Copy out all of the records, exactly as they appear.
[[ DATA UNDER STUDY open ]]
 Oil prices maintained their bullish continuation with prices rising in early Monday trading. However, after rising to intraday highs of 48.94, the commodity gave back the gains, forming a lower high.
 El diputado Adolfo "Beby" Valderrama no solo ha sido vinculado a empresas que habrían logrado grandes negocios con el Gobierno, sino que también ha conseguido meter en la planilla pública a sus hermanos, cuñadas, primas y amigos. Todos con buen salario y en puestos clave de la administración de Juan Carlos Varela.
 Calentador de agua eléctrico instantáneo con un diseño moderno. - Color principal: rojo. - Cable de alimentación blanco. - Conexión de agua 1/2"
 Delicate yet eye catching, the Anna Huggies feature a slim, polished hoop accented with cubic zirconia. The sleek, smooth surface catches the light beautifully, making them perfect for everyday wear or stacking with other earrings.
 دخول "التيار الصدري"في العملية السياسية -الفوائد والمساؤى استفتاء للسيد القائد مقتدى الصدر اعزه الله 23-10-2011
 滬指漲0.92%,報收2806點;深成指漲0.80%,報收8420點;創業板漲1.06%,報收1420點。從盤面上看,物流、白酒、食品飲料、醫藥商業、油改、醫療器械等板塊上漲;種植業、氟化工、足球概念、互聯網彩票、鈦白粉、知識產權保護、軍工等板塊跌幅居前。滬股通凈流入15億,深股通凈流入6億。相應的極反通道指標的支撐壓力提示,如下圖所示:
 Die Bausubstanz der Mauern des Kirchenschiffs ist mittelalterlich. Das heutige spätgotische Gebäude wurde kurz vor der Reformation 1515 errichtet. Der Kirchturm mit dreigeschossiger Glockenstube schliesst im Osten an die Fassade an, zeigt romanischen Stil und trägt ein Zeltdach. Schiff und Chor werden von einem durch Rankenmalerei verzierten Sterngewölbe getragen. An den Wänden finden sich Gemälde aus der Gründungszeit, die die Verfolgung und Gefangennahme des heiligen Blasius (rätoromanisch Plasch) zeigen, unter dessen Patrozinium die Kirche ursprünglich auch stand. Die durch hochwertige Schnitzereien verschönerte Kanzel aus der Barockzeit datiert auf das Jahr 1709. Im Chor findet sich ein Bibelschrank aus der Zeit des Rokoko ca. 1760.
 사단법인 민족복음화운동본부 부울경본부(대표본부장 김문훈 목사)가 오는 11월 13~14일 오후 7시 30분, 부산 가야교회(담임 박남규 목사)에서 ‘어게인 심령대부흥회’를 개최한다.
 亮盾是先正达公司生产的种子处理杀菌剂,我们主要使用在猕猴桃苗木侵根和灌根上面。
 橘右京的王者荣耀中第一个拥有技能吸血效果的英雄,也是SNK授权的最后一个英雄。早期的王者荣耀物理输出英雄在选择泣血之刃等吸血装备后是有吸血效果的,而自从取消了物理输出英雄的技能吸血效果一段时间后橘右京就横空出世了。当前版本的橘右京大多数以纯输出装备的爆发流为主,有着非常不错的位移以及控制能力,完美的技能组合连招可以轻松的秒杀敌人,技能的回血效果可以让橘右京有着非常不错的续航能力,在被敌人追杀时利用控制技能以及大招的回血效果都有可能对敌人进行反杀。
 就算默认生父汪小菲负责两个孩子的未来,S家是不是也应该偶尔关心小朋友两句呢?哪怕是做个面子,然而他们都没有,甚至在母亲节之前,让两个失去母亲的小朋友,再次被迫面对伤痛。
[[ DATA UNDER STUDY closed ]]
* **RESPONSE FOR THIS EXERCISE**:
 Oil prices maintained their bullish continuation with prices rising in early Monday trading. However, after rising to intraday highs of 48.94, the commodity gave back the gains, forming a lower high.
 El diputado Adolfo "Beby" Valderrama no solo ha sido vinculado a empresas que habrían logrado grandes negocios con el Gobierno, sino que también ha conseguido meter en la planilla pública a sus hermanos, cuñadas, primas y amigos. Todos con buen salario y en puestos clave de la administración de Juan Carlos Varela.
 Calentador de agua eléctrico instantáneo con un diseño moderno. - Color principal: rojo. - Cable de alimentación blanco. - Conexión de agua 1/2"
 Delicate yet eye catching, the Anna Huggies feature a slim, polished hoop accented with cubic zirconia. The sleek, smooth surface catches the light beautifully, making them perfect for everyday wear or stacking with other earrings.
 دخول "التيار الصدري"في العملية السياسية -الفوائد والمساؤى استفتاء للسيد القائد مقتدى الصدر اعزه الله 23-10-2011
 滬指漲0.92%,報收2806點;深成指漲0.80%,報收8420點;創業板漲1.06%,報收1420點。從盤面上看,物流、白酒、食品飲料、醫藥商業、油改、醫療器械等板塊上漲;種植業、氟化工、足球概念、互聯網彩票、鈦白粉、知識產權保護、軍工等板塊跌幅居前。滬股通凈流入15億,深股通凈流入6億。相應的極反通道指標的支撐壓力提示,如下圖所示:
 Die Bausubstanz der Mauern des Kirchenschiffs ist mittelalterlich. Das heutige spätgotische Gebäude wurde kurz vor der Reformation 1515 errichtet. Der Kirchturm mit dreigeschossiger Glockenstube schliesst im Osten an die Fassade an, zeigt romanischen Stil und trägt ein Zeltdach. Schiff und Chor werden von einem durch Rankenmalerei verzierten Sterngewölbe getragen. An den Wänden finden sich Gemälde aus der Gründungszeit, die die Verfolgung und Gefangennahme des heiligen Blasius (rätoromanisch Plasch) zeigen, unter dessen Patrozinium die Kirche ursprünglich auch stand. Die durch hochwertige Schnitzereien verschönerte Kanzel aus der Barockzeit datiert auf das Jahr 1709. Im Chor findet sich ein Bibelschrank aus der Zeit des Rokoko ca. 1760.
 사단법인 민족복음화운동본부 부울경본부(대표본부장 김문훈 목사)가 오는 11월 13~14일 오후 7시 30분, 부산 가야교회(담임 박남규 목사)에서 ‘어게인 심령대부흥회’를 개최한다.
 亮盾是先正达公司生产的种子处理杀菌剂,我们主要使用在猕猴桃苗木侵根和灌根上面。
 橘右京的王者荣耀中第一个拥有技能吸血效果的英雄,也是SNK授权的最后一个英雄。早期的王者荣耀物理输出英雄在选择泣血之刃等吸血装备后是有吸血效果的,而自从取消了物理输出英雄的技能吸血效果一段时间后橘右京就横空出世了。当前版本的橘右京大多数以纯输出装备的爆发流为主,有着非常不错的位移以及控制能力,完美的技能组合连招可以轻松的秒杀敌人,技能的回血效果可以让橘右京有着非常不错的续航能力,在被敌人追杀时利用控制技能以及大招的回血效果都有可能对敌人进行反杀。
 就算默认生父汪小菲负责两个孩子的未来,S家是不是也应该偶尔关心小朋友两句呢?哪怕是做个面子,然而他们都没有,甚至在母亲节之前,让两个失去母亲的小朋友,再次被迫面对伤痛。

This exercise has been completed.